Brater D C, Anderson S, Baird B, Campbell W B
Kidney Int. 1985 Jan;27(1):66-73. doi: 10.1038/ki.1985.11.
In contrast to other nonsteroidal anti-inflammatory drugs (NSAIDs), sulindac has been reported to inhibit systemic prostaglandins (PGs) while not affecting renal PGs. We studied 11 normal volunteers who received placebo, ibuprofen, naproxen, or sulindac in a randomized, double-blind fashion. After control periods assessing the effect of the NSAIDs alone, 40 mg of furosemide were administered. Overall, each of the drugs appeared similar. Renal function, plasma renin activity (PRA) and urinary PGs were not affected during control collections, while all three NSAIDs decreased thromboxane B2 (TxB2). After furosemide, all NSAIDs decreased fractional excretions of Na+ and Cl-, PRA, and TxB2 by equivalent degrees (P less than 0.05). Sulindac and ibuprofen decreased urinary PGE2 (P less than 0.05) while naproxen had no effect. None of these drugs affected the excretion of furosemide, but all decreased the pharmacodynamics of response to furosemide. In conclusion, the effects of these NSAIDs depended on the conditions of the study. In the basal state there were no renal effects but all decreased the renal response to furosemide.

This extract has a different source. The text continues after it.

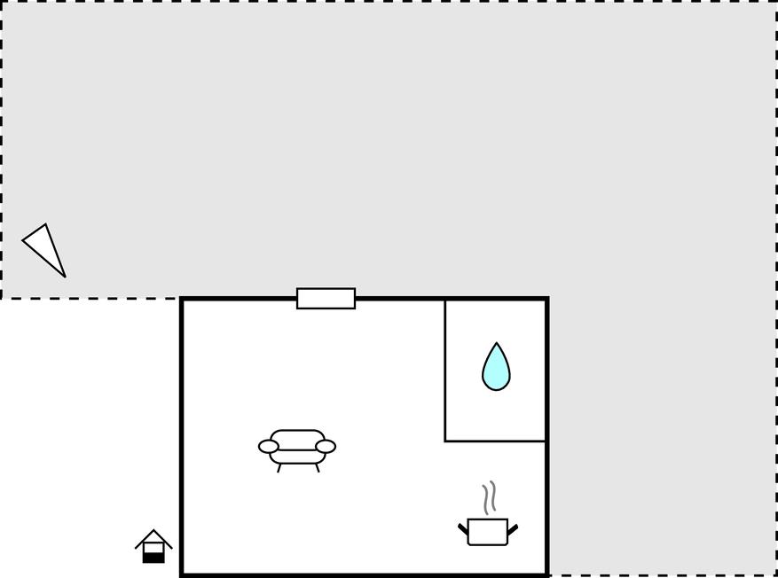Opholdsstue/køkken 23m2 - 2 Sovepladser. (Dobbeltseng(e)). 1 Soveplads. (Sofa, madras eller lignende).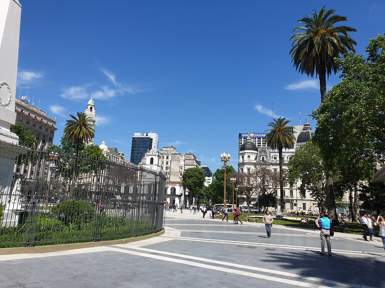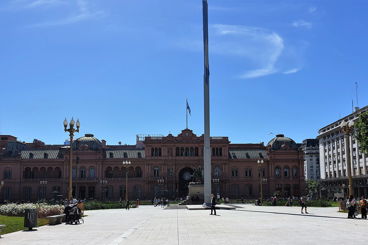 Unsere nächste Station ist der Plaza de Mayo („Platz des Mais/der Mairevolution“) – das Herz der argentinischen Hauptstadt. Der Platz ist rechteckig und als Park angelegt. An ihm befinden sich die Kathedrale von Buenos Aires, die Banco de la Nación, der Cabildo (ehemals ein Regierungsgebäude, heute ein Museum) und die Casa Rosada an der Ostseite – der Palast des Präsidenten von Argentinien. „Rosada“ deshalb, weil die Außenfarbe in entsprechendem Licht in einem kräftigen Rosaton leuchtet.

与其他非甾体抗炎药(NSAIDs)不同,据报道舒林酸可抑制全身前列腺素(PGs),而不影响肾脏PGs。我们以随机、双盲方式研究了11名接受安慰剂、布洛芬、萘普生或舒林酸的正常志愿者。在评估单独使用NSAIDs效果的对照期后,给予40mg呋塞米。总体而言,每种药物的表现相似。在对照期收集样本期间,肾功能、血浆肾素活性(PRA)和尿PGs均未受影响,而所有三种NSAIDs均降低了血栓素B2(TxB2)。给予呋塞米后,所有NSAIDs均使Na+和Cl-的分数排泄、PRA和TxB2降低程度相当(P<0.05)。舒林酸和布洛芬降低了尿PGE2(P<0.05),而萘普生无此作用。这些药物均未影响呋塞米的排泄,但均降低了对呋塞米反应的药效学。总之,这些NSAIDs的作用取决于研究条件。在基础状态下,它们对肾脏无影响,但均降低了肾脏对呋塞米的反应。